Oltre duemila anni fa, Confucio, il più grande filosofo ed educatore della Cina, nel primo capitolo dell’unico libro che registra il suo pensiero, “I Dialoghi” disse: “E’ sempre un piacere ricevere ospiti che vengono da lontano”. La frase descrive quanto il ricevere ospiti da lontano sia ritenuto un evento molto lieto.
Nell’antichità i trasporti non erano economici e viaggiare era molto difficile, il che creava ostacoli alla comunicazione. Ricevere conoscenti che venivano da lontano, incontrare di persona vecchi amici che portavano notizie da fuori era senz’altro un evento assai piacevole: con il passare del tempo si consolidò un cerimoniale. Il sentimento di gioia e il cerimoniale di accoglienza nel ricevere ospiti giunti da lontano si sono conservati immutati fino a oggi. In una parola, è l’ospitalità!

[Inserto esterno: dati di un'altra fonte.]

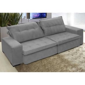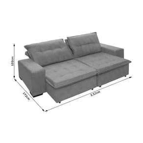-Encosto Reclinável com 5 posições, almofadas fixas compostas de 70% fibra siliconada e 30% flocos de espuma. Percintas elásticas e manta siliconada para maior conforto.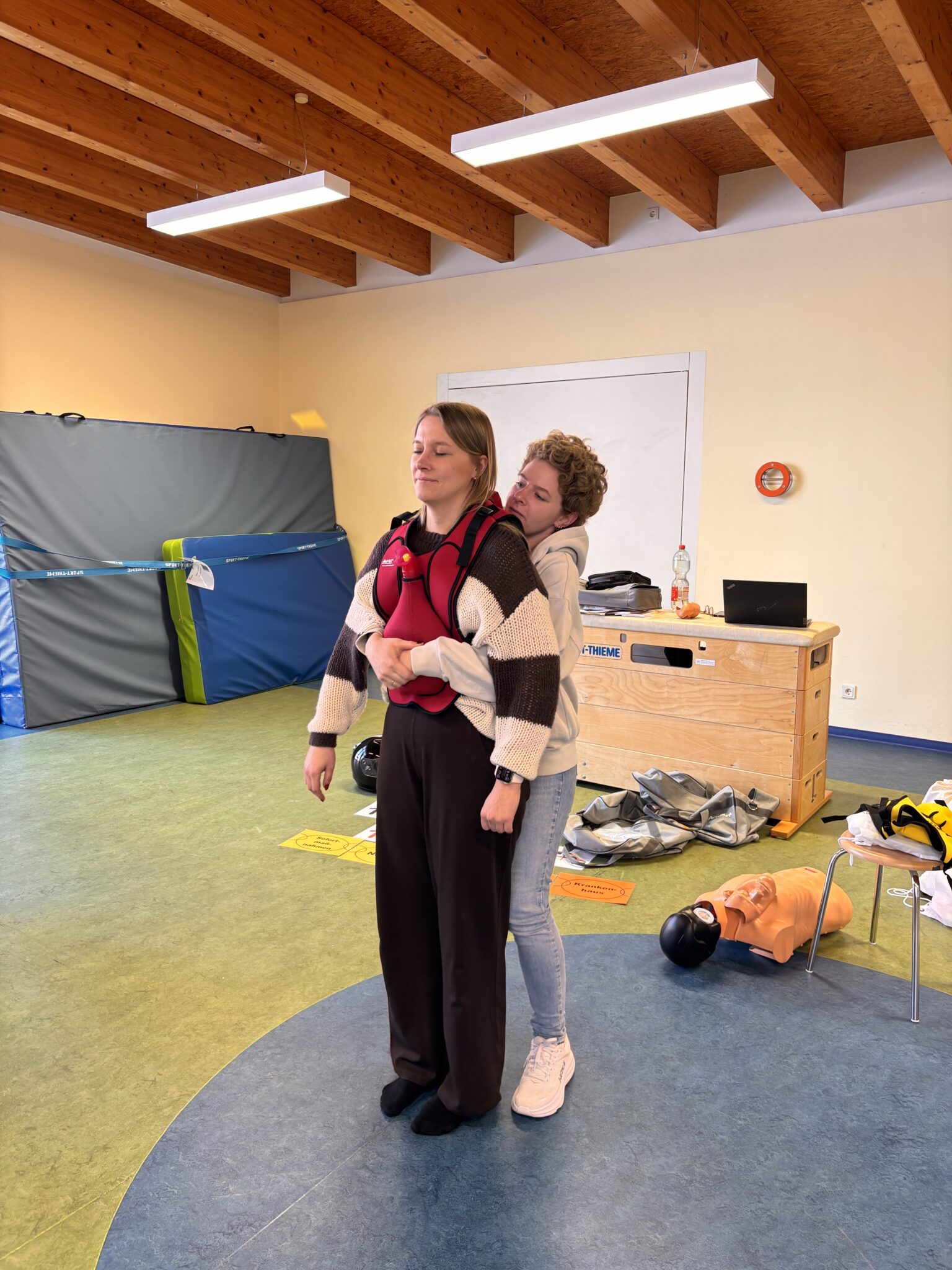 Wir haben gelernt, wie man bei Erstickungsgefahr richtig handelt, was bei verschiedenen Verletzungen zu tun ist und wie ein Defibrillator angewendet wird. Außerdem haben wir die Wiederbelebung bei Kleinkindern geübt und besprochen, wie man sich in akuten Notlagen ruhig und sicher verhält.

Il popolo cinese é molto ospitale e si ritiene “cerimonioso”. Per qualsiasi popolo in qualsiasi paese, preparare un pasto sostanzioso è il modo comune per ricevere gli ospiti. Non si è uomini pienamente se non si é mai stati sulla Grande Muraglia ed é un vero peccato non aver mai assaggiato l’anatra alla pechinese. Lo sanno tutti gli amici stranieri che ne hanno fatto esperienza. I due principali obiettivi quando si giunge a Pechino sono salire sulla Grande Muraglia e mangiare l’anatra alla pechinese. Se a Pechino hai la possibilità di andare al ristorante una volta sola, l’anatra alla pechinese deve essere senz’altro la prima scelta.
La gente del posto segue anche un’altra abitudine. Come scrisse il famoso letterato cinese Wang Zengqi: non bere succo di soia verde equivale al non essere stati a Pechino! Il succo di soia verde si produce con ciò che avanza dalla lavorazione di un altro prodotto: i vermicelli di soia verde.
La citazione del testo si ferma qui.